Okay, admittedly. There's a small "but" or two, because Wilsmann worked with skat games and operated linguistically and stylistically on a level that today requires every listener to have a "Google connection." But what lies beneath are pearls, or, better said, "viruses of inspiration." Many have been infected by them, from Hanns Friedrich to Utz Napierala to Rudolf Braunmüller. And now Perkeo has been.
From the wealth of material, he has picked eight routines and ideas, "tweaked" them, as Jochen Zmeck would call it, converted them into 52-card packs, and sometimes completely repackaged them, but without taking away their creator's breath. The trick-technical principles are, according to Wilsmann's declared preference, of a mathematically magical nature. Fans of manipulation and dexterity, however, should not be deterred, because the exciting stories and surprising effects can also be presented in their own way...
Demon Power – A spectator shuffles a deck and chooses a card, which they themselves bury in the deck. They divide the deck into three packets. The performer suspects the spectator's card is in one of them. However, their three guesses prove incorrect. They give up, have the card called out, select it, and hold it at a distance above one of the failed attempts. It must be a demon that is now swapping places between the table and the hand...
Circe's Magic - A playing card is tricked into believing it's someone else! And then it actually is. It's a little "psycho-cabaret."
Friday the Thirteenth - After the bizarre cabaret, things get a little darker: The cards are shuffled and rolled, and then the spectator card is placed in a position in the game that corresponds to the only entry in a pocket calendar.
Portent – A spectator freely chooses eight cards and memorizes one. The performer finds it without looking at or knowing the cards.
Synchronous Thought Switching – Two spectators, two games. The performer announces that they will synchronize their thoughts. Everyone freely chooses a game, names a playing card, and picks it out. There are different values in different positions. So where is the synchronicity of thoughts? This is demonstrated by the fact that spectator 1's card in spectator 2's game is in exactly the same position on the top as spectator 2's card in spectator 1's game. And this is without any manipulation by the performer!

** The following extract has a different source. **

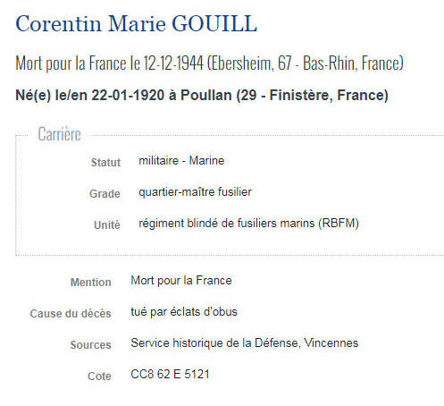 POULLAN sur MER (Finistère) - Décédé le 12 décembre 1944 à EBERSHEIM

Harmony – a fourfold agreement under incredible conditions.
Phenomenon – the only effect in Wilsmann's "Zersägter Jungfrau," newly redesigned to use just two 52-card decks. The spectator receives one, shuffles it, selects a card, and lets it disappear into the deck. Both follow a numerological ritual, but he shuffled the deck and never released it. Now he calls out his card. It is picked out from the other deck, in which all cards have numbers on the back. The number on his card value indicates the exact position of his card in his shuffled deck.
Telepathy – A perfect two-person code for transmitting one of 52 cards. No fishing. The medium makes three correct statements in succession, with the third already being the target card.